Okay, I was dishonest in the title of this post. Not all Norwegians have heart disease. But almost all Norwegian men are (if we believe the prevailing guidelines) at high risk for heart disease.
Like most Americans, I spend very little time thinking about Norwegians. The great Chicago columnist Mike Royko once pointed out that in the ethnic melting pot of Chicago, you can hear jokes about the Irish, Jews, Italians, Poles, African-Americans, Mexicans, Puerto Ricans, French, British, Russians and Germans. He even remembered some jokes about Swedes. But when he asked around, nobody could remember ever hearing a joke about Norwegians. Royko even tracked down a Norwegian-American acquaintance who confirmed, “Naw, nobody tells jokes about us. We’re too nice.”
I got thinking about the Norwegians this weekend while answering comments on my post about the Spanish Paradox. I remembered logging a study about Norwegians and their risk of heart disease into my database and pulled it up. Here are some quotes from the study:
Since the first US Framingham model for predicting heart disease risk was published in 1991, it has become ever more widely recommended that doctors in primary care carry out risk assessment by combining several risk factors for cardiovascular disease using algorithms. Until recently most risk equations have been derived from the Framingham study, but these calculations tended to overestimate risk in the European context.
Actually, the Framingham model is lousy at predicting heart disease in the American context as well. But let’s move on.
A new European risk scoring system for cardiovascular disease, based on the first phase of the systematic coronary risk evaluation (SCORE) project, was presented in 2003. The system is based on a pooled dataset of cohort studies from 12 European countries, among these Norway, and offers a format for estimating fatal cardiovascular disease risk that is suitable for clinical practice.
After explaining those guidelines, the researchers report on the results of applying them to data collected from several thousand Norwegians. Here’s what they found:
At age 40, 22.5% of women and 85.9% of men were at high risk of cardiovascular disease. Corresponding numbers at age 50 were 39.5% and 88.7%, and at age 65 were 84.0% and 91.6%. At age 40, one out of 10 women and no men would be classified at low risk for cardiovascular disease.
Hmmm … people in Norway must be dropping like flies from heart disease, at least according to the prevailing guidelines for estimating heart-disease risk … you know, cholesterol levels and all that stuff.
Here again is the American Heart Association’s chart showing rates of cardiovascular disease around the world:
You’ll notice Norway is down toward the lower end of the scale – not as low as France or Spain, but lower than the U.S., U.K. or Germany.
For once, the researchers recognize that the current guidelines are poppycock. They don’t put it quite that way, of course.

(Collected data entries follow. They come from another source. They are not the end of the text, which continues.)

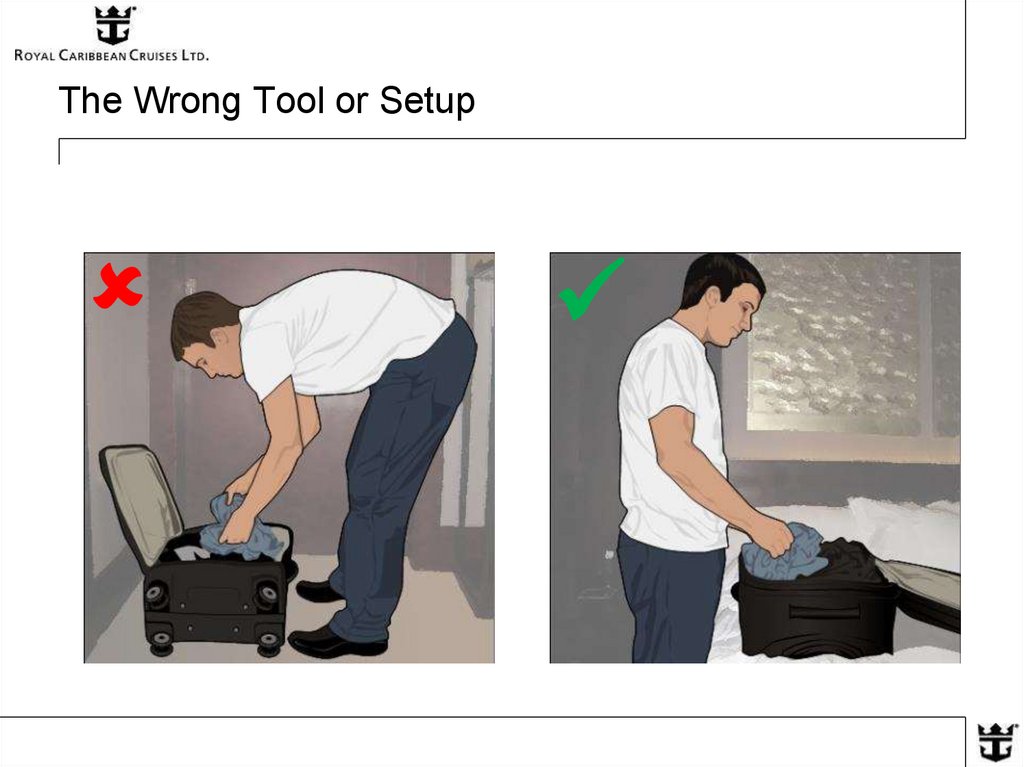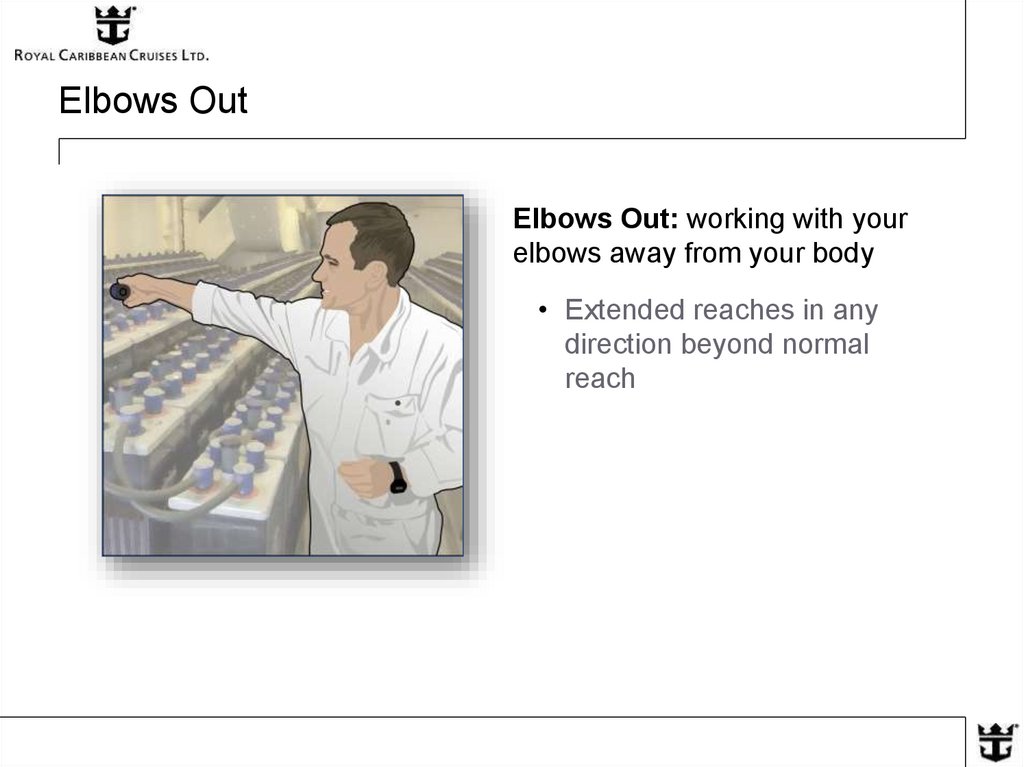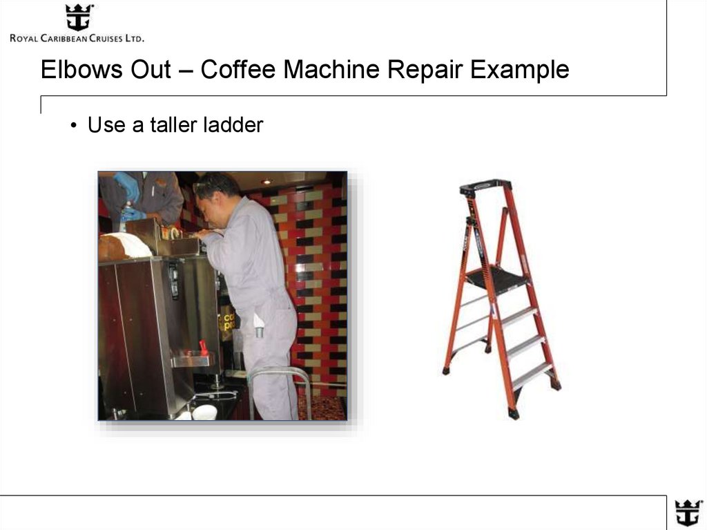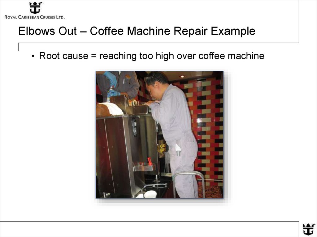Elbows Out – Coffee Machine Repair Example• Root cause = reaching too high over coffee machine
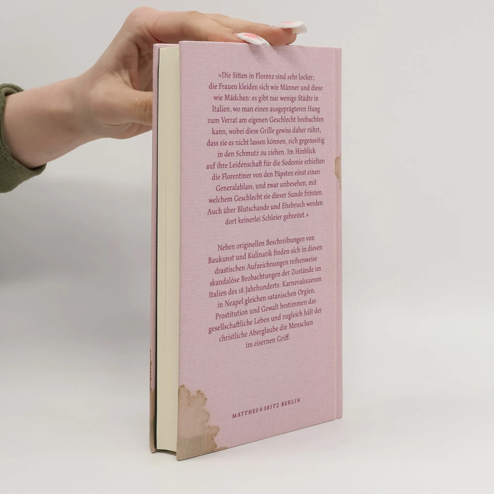 Nach einem außer Kontrolle geratenen Stelldichein mit vier Prostituierten in Marseille wird de Sade 1771 per königlichem Haftbefehl gesucht, doch der Marquis ist längst über alle Berge – gemeinsam mit der schönen Anne-Prospère, der jüngeren Schwester seiner Ehefrau Renée. In Italien durchlebt er mit seiner jungen Geliebten eine Amour fou und macht, seiner Leidenschaft für das Enzyklopädische folgend, in seinen Notizen Inventur der italienischen Kultur. Neben Beschreibungen von Baukunst und Kulinarik finden sich in den Aufzeichnungen skandalöse Beobachtungen: Karnevalsszenen in Neapel gleichen satanischen Orgien, Prostitution und Gewalt bestimmen das gesellschaftliche Leben und zugleich hält der christliche Aberglaube die Menschen im eisernen Griff. Die Reise endet mit de Sades Verhaftung. In Gefangenschaft versucht er zunächst, seinen drastischen Bericht zu einem Reiseführer für die feine Gesellschaft umzuarbeiten, verwirft diese Idee aber bald zugunsten der alle christlichen Werte infrage stellenden Monumentalromane Justine und Juliette. Stefan Zweifel zeigt kenntnisreich anhand ausgewählter Szenen aus de Sades Werk, wie die Italienreise als Folie durch sein Schaffen scheint und übersetzt gemeinsam mit Michael Pfister erstmals Auszüge aus den Reisenotizen ins Deutsche.
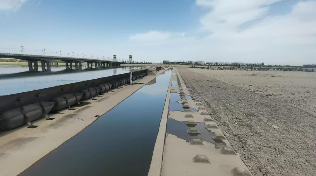 ▲圖3 2023年8月24日,督察組暗查發(fā)現,甘州區(qū)在黑河新城大橋下游建設橡膠壩蓄水

Their language is more academic and polite:
Implementation of European guidelines to prevent cardiovascular disease would label most people in an unselected Norwegian population at high risk of fatal disease from age 40
The validity of the evidence base of the guidelines is questionable and predicts practical and ethical dilemmas related to resource allocation and clinical counselling.

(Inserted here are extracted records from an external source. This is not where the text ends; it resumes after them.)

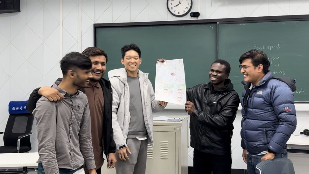活动伊始,辅导员卢静静向国际学生们致以热烈欢迎,强调团队协作与跨文化交流在学术研究和生活中的重要意义,鼓励大家在活动中积极展现文化特色、真诚交流。随后,在老师们的带领下,研究生新生们参与了丰富多彩的破冰游戏,让同学们迅速打破文化壁垒,真诚轻松地融入到跨文化交流和互动之中。通过“绘梦同心”、“心声彩绘”等环节,同学们抒发心声,共话梦想,在画纸上绘制属于自己的梦想的符号,最终拼成一幅多元共生的艺术作品。现场不时响起笑声与欢呼声,迅速拉近了不同国籍学生之间的距离,有效缓解了学业压力,也让大家在交流中找到成长目标。
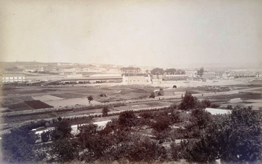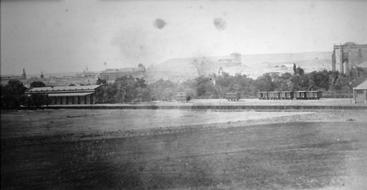 | Primitiva estación de A Coruña. Fotografía de Jean Laurent. Archivo Euskotren/Museo Vasco del Ferrocarril |
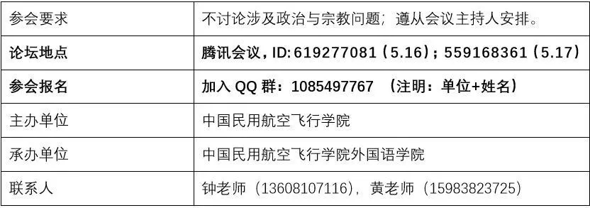 k1体育定于2020年5月16日、17日在线上召开“民航特色翻译硕士点建设”研讨会,邀请翻译硕士教育领域领导与专家进行专题研讨,交流翻译硕士点建设经验。本次会议下设专家论坛和员工论坛。专家论坛邀请MTI教指委领导、院校专家、公司代表探讨翻译硕士点建设中的部分关键问题,员工论坛诚邀各院校MTI员工分享翻译学习及实践中的各种成果,促进校际间员工交流。
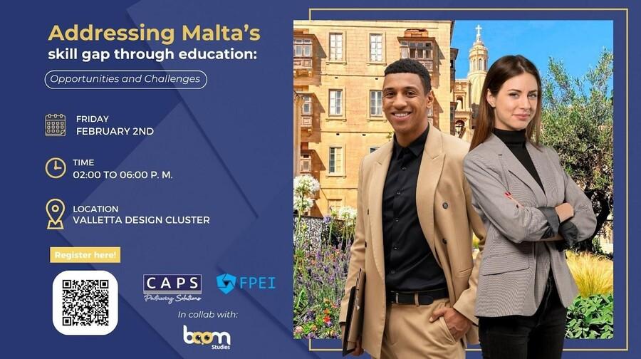 An event gathering a wide range of stakeholders, “Addressing Malta’s skill gap through education: opportunities and challenges”, will shed light on some of the key challenges and opportunities. The event will take place in the Valletta Design Cluster, organized by the Foundation for the Promotion of Entrepreneurial Initiatives and CAPS Solutions, sponsored by Boom Studies, a leading travel to study Malta-based agency.
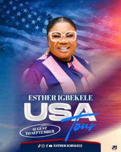 Renowned gospel powerhouse Esther Igbekele is once again taking her soul-lifting sound beyond borders as she embarks on her highly anticipated USA Tour 2025, scheduled to run from August through September. Tagged “USA Tour August–September,” the tour is poised to be a spiritual and cultural experience for her fans in America.

Any overestimation of a person’s risk for cardiovascular disease can have important implications. Apart from causing unnecessary concern, it undermines the patient’s informed choice for intervention. It is also likely to increase prescribing costs and affect life insurance premiums.
Yup. First thing you know, your doctor is scaring the bejeezus out of you and talking you into taking statins.
Over the weekend, I also had a mini-debate on Twitter with someone who insisted the French paradox is probably a matter of genetics. I pointed out that waves of French moved to England to become landowners after the Norman Conquest and that the French and English have been intermarrying for hundreds of years. I doubt that there’s a big difference between French DNA and British DNA. He didn’t buy it and tweeted a link to a document detailing the marked genetic differences among Europeans. He apparently didn’t notice that the document he linked described differences among Europeans separated by the Alps for most of history.
Look at the AHA chart one more time. Scotland and Ireland are near the top. England and Wales are near the middle. Now go find Australia. I’ll give you minute …
… Find it? Yup, Australia is near the bottom. My Australian readers can correct me if I’m wrong, but I’m pretty sure we can’t explain away the “Australian Paradox” by suggesting Australians are genetically distinct from the Irish, Scots and Brits.
So we have the Spanish, who are in “poor cardiovascular health” according to current guidelines, but have a low rate of heart disease. We have the Norwegians, nearly all of whom are at a high risk of heart disease according to current guidelines, but have a relatively low rate of heart disease.
I’m thinking the problem is with the current guidelines. Nice to see some researchers say as much.